She smiles like I awarded her a small trophy. “It does. Tell me something else.”
“I put my number on the school volunteer list,” I admit. “In ink.”
She gasps like I told her I bought plane tickets. “Rowan.”
“Don’t make it a parade,” I warn, but I’m smiling too.
“Fine,” she whispers. “Stoic fist bump.”
We talk until we don’t. We fall asleep on video like teenagers but with our bills paid. I wake first, and I watch her breathe for thirty seconds, and then feel like a creep and hang up because I want to keep being the man who does what he says. She texts the second she wakes.
Ivy:
I felt you there anyway.
The next two days are a swing between work and small moments of sweetness. She sends a photo of her boots tucked under a chair with duct tape on the sole.
Ivy:
Not stage ready. Don’t care.
I send a picture of the creek and a single word.
Me:
Home.
She replies with three.
Ivy:
I know where.
Bailey:
Reader headcount up to 22 tomorrow.
I adjust the shade tents again and set up a water station in a safe location, making a big show of labeling the “quiet corner” so the child who needs it doesn’t have to ask. I’m still a guy who grunts sometimes when the words clog. I’m also a guy who can learn.
That night, I stand at the sink shaving. My phone is on the sill so I can hear if it pings. I watch myself in the mirror and don’t hate what I see—a man who looks like he works hard, maybe even for the right reasons.
The phone pings with a link from Ivy. It’s a clip from some interview from months ago, her face in studio lighting, the host asking about pressure. She answers in the most polished way you could ask for. I remember watching it when it aired and thinking she looked like a deer deciding which way to run.
Ivy:
I never want to sound like this again.
Me:
Then don’t.
I type back.
Sound like you. I’ll be the one in the back row not clapping too loud.
She sends a heart. I pretend it doesn’t blow a hole in my chest and let light in I didn’t know I was still keeping out.

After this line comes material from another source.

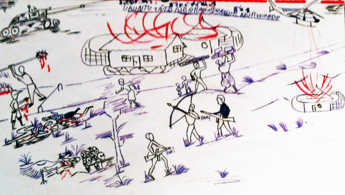 Dessin d’enfant rwandais tutsi, exposé au musée de la Shoah à Paris.
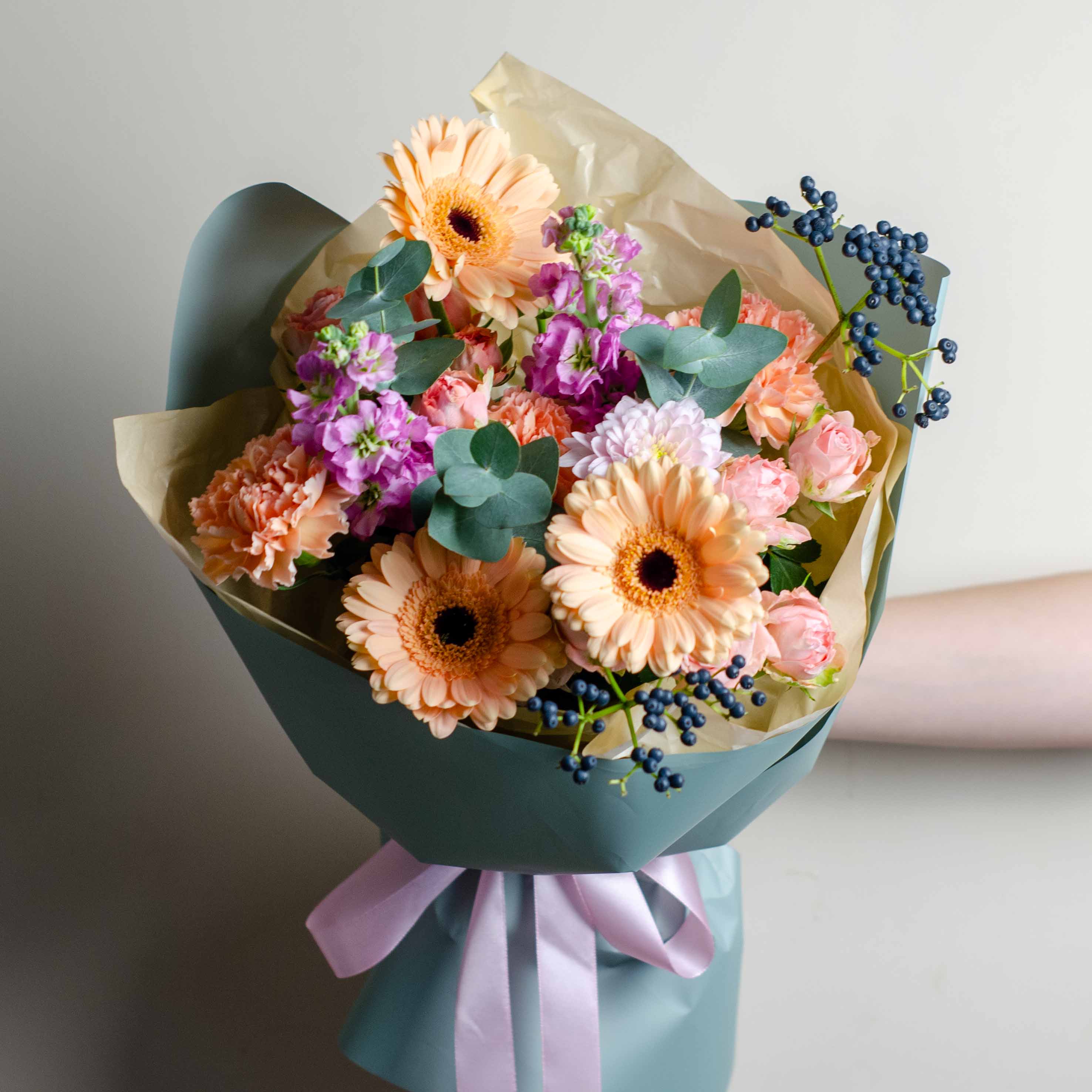 Состав: 1 хризантема Пастелла, 3 мини-герберы, 2 кустовые розы Бомбастиик, 3 гвоздики, 2 маттиолы, 1 вибурнум, эвкалипт и упаковка

She’s due back on Sunday night if the meetings hold. We’re both doubtful, though. Nashville doesn’t love letting people go on schedule. I decide not to borrow trouble and decide again when the group thread pings—Celeste’s name shows up as a calendar color on the screen Ivy shares from the hotel, and my teeth grind on instinct. “She’s playing nice,” Ivy voice-messages, so gentle it makes me mad at myself for the reflex. “Nice like a cat by a fishbowl, but nice.”